In the function below, the argument R50_mod is the parsnip logistic model and turbines is a binary vector indicating the condition to predict under. The argument type is one of "pred", "lower" or "upper". "pred" gives the predicted R50 value. "lower" or "upper" give the corresponding side of the confidence interval. To see the full function see here.

solve_R50 <- function(R50_mod, turbines, type) {
  
  # ... skipped logic for `type` argument
  
  # create a function that we will find the root of using `uniroot`
  R50_root <- function(range, turbines) {
    predict.model_fit(R50_mod,
                      tibble(range = range, turbines = turbines),
                      # pred_type variable determines if we are solving
                      # for R50 or a confidence interval
                      type = pred_type
    ) %>%
      # pick the column we need from predict.model_fit
      # subtracting .5 creates a root where we want it
      pull(pred_col) - .5
  }
  
  # solve for each `turbines` condition
  map_dbl(turbines,
          ~ uniroot(R50_root,
                    interval = range(R50_mod$fit$data$range),
                    turbines = .x)$root)
}

This is how I used the solver to obtain R50 and the confidence intervals for each turbine condition. Below is the information presented in table form and graphically.

R50_dat <-
  tibble(turbines = 0:1) %>%
  mutate(R50 = solve_R50(R50_mod, turbines, "pred"),
         lower = solve_R50(R50_mod, turbines, "lower"),
         upper = solve_R50(R50_mod, turbines, "upper"))
\(R_{50}\) Estimation and Confidence Intervals
Turbines \(R_{50}\) Lower Upper
None 19.88 16.35 23.37
Present 14.68 10.59 18.09

Impact of Wind Turbines on R50

We can determine whether the presence of wind turbines affects R50 by looking at the impact the turbines term has on the model.
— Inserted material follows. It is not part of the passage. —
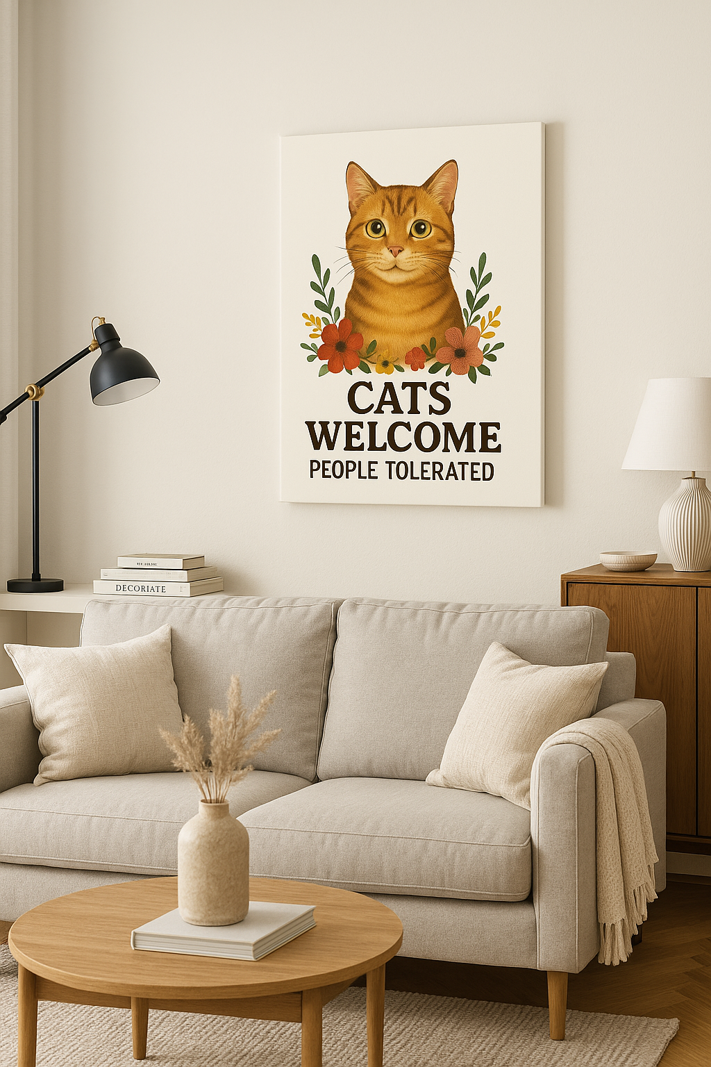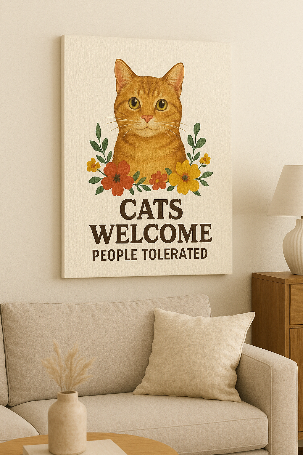 Cat-Themed Canvas Art, Feline Decor, Gifts for Cat Lovers, Home Wall Art, Pet Owner Wall Decor, Humorous Cat Print

Below are the estimates of the model’s terms. Since the turbines term is significant and it represents a horizontal shift in the two curves as shown above, the estimated R50 will be significantly different under the two conditions. In this sample, the presence of wind turbines reduced R50 by 5.2 data miles.

\(R_{50}\) Model Terms
term estimate std.error statistic p.value
(Intercept) 5.64 1.29 4.38 0.000012
range -0.28 0.06 -4.70 0.000003
turbines -1.47 0.69 -2.12 0.033855

Estimation of Power

To calculate power I needed to estimate the standard deviation of R50. I used the confidence intervals to make this estimation. Unfortunately, the confidence intervals were not symmetric after translating them to be in terms of range. More specifically, the distance from R50 to the upper bound was not equal to the distance from R50 to the upper bound. To be conservative in the power calculations I choose the largest margin to determine the standard deviation.
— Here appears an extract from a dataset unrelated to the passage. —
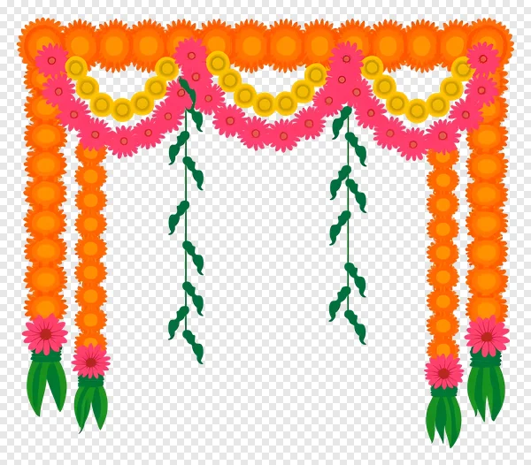 Adorn your digital projects with this vibrant, high-quality, free PNG of a traditional Indian flower garland. Featuring beautiful orange and yellow marigolds, green leaves, and charming hanging floral accents, this transparent image is perfect for adding a touch of festive elegance. Ideal for Diwali, weddings, pujas, cultural events, greeting cards, invitations, website banners, or any design needing a cheerful, ethnic floral border. Download this stunning decorative element instantly and enhance your creative endeavors!

\(R_{50}\) Confidence Margins
Turbines \(R_{50}\) Lower Upper Lower Margin Upper Margin
None 19.88 16.35 23.37 -3.53 3.50
Present 14.68 10.59 18.09 -4.09 3.41

Assuming there are two standard deviations from R50 to the interval bounds, my over-estimate for the standard deviation is about 2 (4.09 / 2). Since the difference in the R50 estimates is about 5 data miles when there are wind turbines versus no turbines, then the estimates are about 2.5 standard deviations from each other. In other words, the effect size is about 2.5 in this sample.
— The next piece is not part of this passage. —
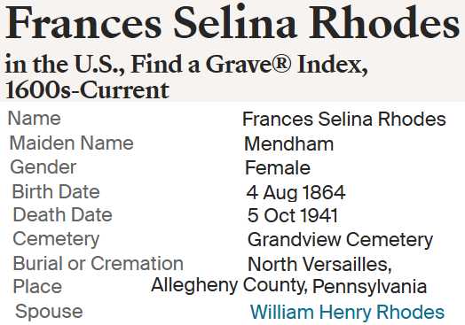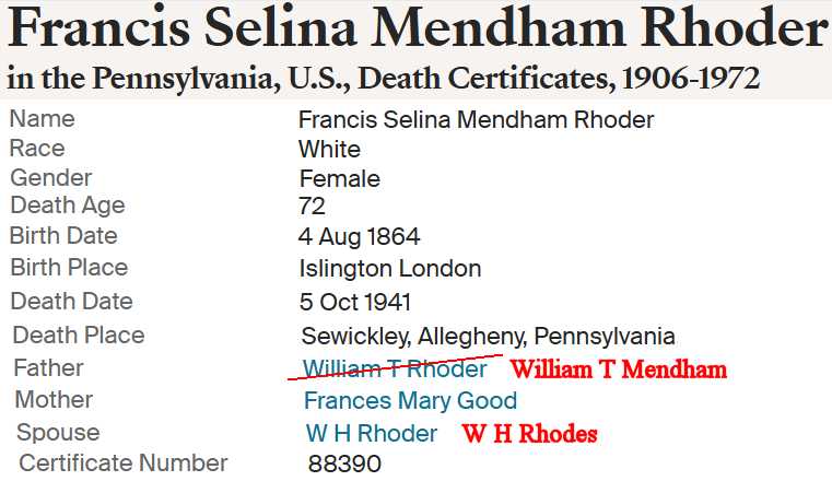 | Frances Selina Mendham | 6 Aug 1864 | 10/05/1941

To calculate power across different sample sizes and effect sizes I used the function pwr.t.test from the R package pwr. Using a function normally used for t-test power calculations made sense in this situation because if R50 was estimated from several different samples of data under both turbine conditions, then a t-test would be used to compare the two sets of R50 estimates to prove that R50 is different under those conditions. Below is a power curve plot made using pwr.t.test for effect sizes and sample sizes smaller than the one in this sample.

Goals Accomplished

By the end of this project, I developed a model and a method for estimating R50 and I estimated the confidence intervals of R50. I also identified the impact of the presence of wind turbines on R50 and I estimated the power of finding this impact for different sample sizes and effect sizes. If desired the code for this project can be found here.